# Kilo

Kilo Code should use a named OpenAI-compatible provider that points at Codex Pooler's `/v1` base URL. Kilo appends `/chat/completions` itself, so do not set `baseURL` to a full `/v1/chat/completions` endpoint.

## Install

Use the current npm package:

```bash
npm install -g @kilocode/cli@latest
```

For one-off use without a global install, run `npx -y @kilocode/cli@latest`.

## Provider shape

For a deployed instance, add `~/.config/kilo/kilo.jsonc`:

```jsonc
{
  "$schema": "https://app.kilo.ai/config.json",
  "model": "codex-pooler/gpt-5.5",
  "enabled_providers": ["codex-pooler"],
  "provider": {
    "codex-pooler": {
      "options": {
        "apiKey": "{env:CODEX_POOLER_API_KEY}",
        "baseURL": "https://codex-pooler.example.com/v1"
      },
      "models": {
        "gpt-5.5": {
          "name": "GPT-5.5 via Codex Pooler",
          "tool_call": true,
          "reasoning": true,
          "temperature": false,
          "attachment": true,
          "modalities": {
            "input": ["text", "image"],
            "output": ["text"]
          },
          "limit": {
            "context": 272000,
            "input": 228000,
            "output": 64000
          }
        }
      }
    }
  },
  "compaction": {
    "threshold_percent": 75
  }
}
```

For local setup, change `baseURL` to `http://localhost:4000/v1`.

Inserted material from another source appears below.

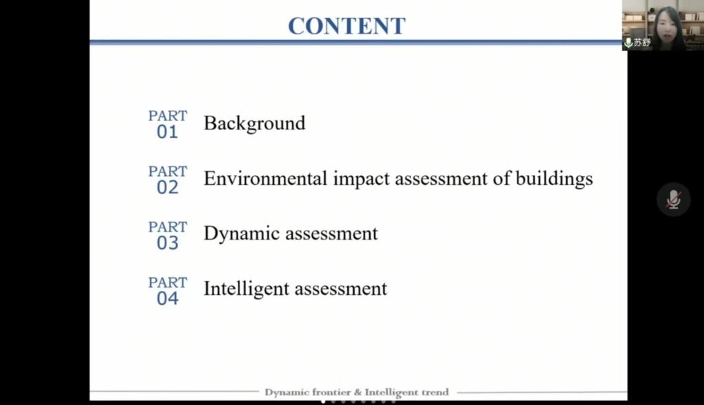 本次讲座主要分为四个部分:背景、建筑环境影响评价、动态评价和智能化评价。首先在介绍背景时,苏副教授指出当前全球面临的挑战之一是全球变暖,我国提出了“碳达峰和碳中和”战略,而建筑业是重点整治行业之一;接着在介绍以往建筑环境影响评价研究时,苏副教授主要介绍了条款式评价和LCA模型评价,并且对比了两者的优劣;在动态LCA评价方面,苏副教授介绍了四大动态要素,以及如何将时间因素融入LCA模型;在智能评价方面,苏副教授介绍了BIM-DLCA模型及其应用案例,使同学们对建筑产品环境影响的智能动态评价有了更深刻的认识;在讲座末尾,苏副教授表示当前的研究还只是聚焦单体建筑物,在未来还可以将模型方法进一步推广到行业、产业和区域。
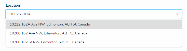 To add location data to an object through the address field, begin typing an address then select it from the results.

`{env:CODEX_POOLER_API_KEY}` keeps the Pool API key outside the config file. Define only model ids your assigned Pool can serve. If you add Kilo permissions, use the object form such as `"permission": {"bash": "allow"}`; do not set `"permission": "ask"`, which is not a valid Kilo config shape.

Kilo uses OpenCode-style `limit.{context,input,output}` fields but includes reasoning tokens in overflow accounting and supports `compaction.threshold_percent` for preflight compaction. `limit.input: 228000` leaves 208k usable input tokens after the default 20k reserve; the optional 75% threshold asks Kilo to compact even earlier.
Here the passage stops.